Все вытянулись в цепь и пошли на противника.
– Кирпичники, сейчас получите! – кричали пацаны. Кто-то из них бросил камень, хотя было явно далеко.
– Не бросать! – прикрикнул Вадим. Кирпичники швыряли камни не переставая, они уже падали среди наступающих.
– Вперед! – скомандовал Витька.
Все бросились за ним, швыряя на ходу камни, крича «ура». Кирпичники не выдержали и побежали.
…После такой быстрой победы были особенно возбуждены пацаны, они кричали, перебивая друг друга и хватая за руки, и рассказывали, как все было. У ног вились собаки, лаяли, но их никто не слышал. Большие старались сохранять спокойствие, но было видно, что и они рады такой быстрой и бескровной победе.
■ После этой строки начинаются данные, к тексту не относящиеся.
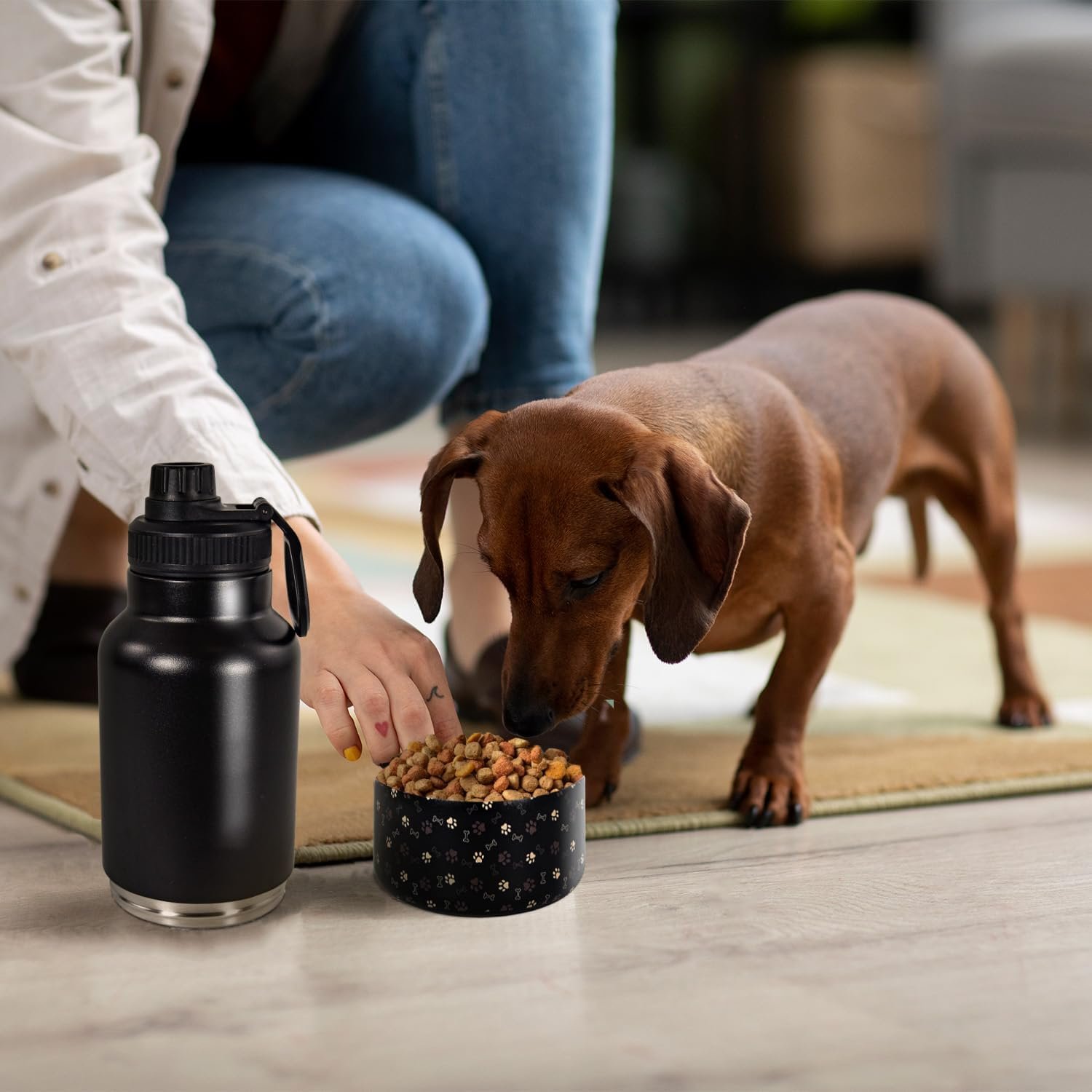 🐾 STYLISH Dog Paws DESIGN: The powder-coated exterior finish gives the bottle a durable and elegant look, making the pet water bottle dispenser perfect for any adventure with your dog. No matter where you place this puppy bowl in your home, it will bring joy and warmth to you and your pet.

– Бибика! – закричал вдруг Колька, показывая пальцем назад.
Все резко остановились, обернулись. По линии шел, наклонившись, мужчина. При каждом шаге он наклонялся все больше и больше. Все смотрели на него до тех пор, пока Вилипутик не сказал:
– Дурак ты, Колька. Это ж пьяный… А Бибику еще в прошлом году поездом зарезало.
Это действительно пьяный. Все понимают это, поворачиваются и молча идут дальше, забыв неожиданно о победе.
Маленький и низкий зал клуба заполнен людьми. На первых рядах и прямо на полу пацаны глядят завороженно на экран. На экране двое – он и она. У них красивые одухотворенные лица. Они сидят то ли на горе, то ли на крыше дома и восторженно смотрят на восходящее солнце, держатся за руки, крепко их сжав, – это можно понять по лицам. Зрители в зале совсем другие, но глаза их похожи, они тоже радостно светятся.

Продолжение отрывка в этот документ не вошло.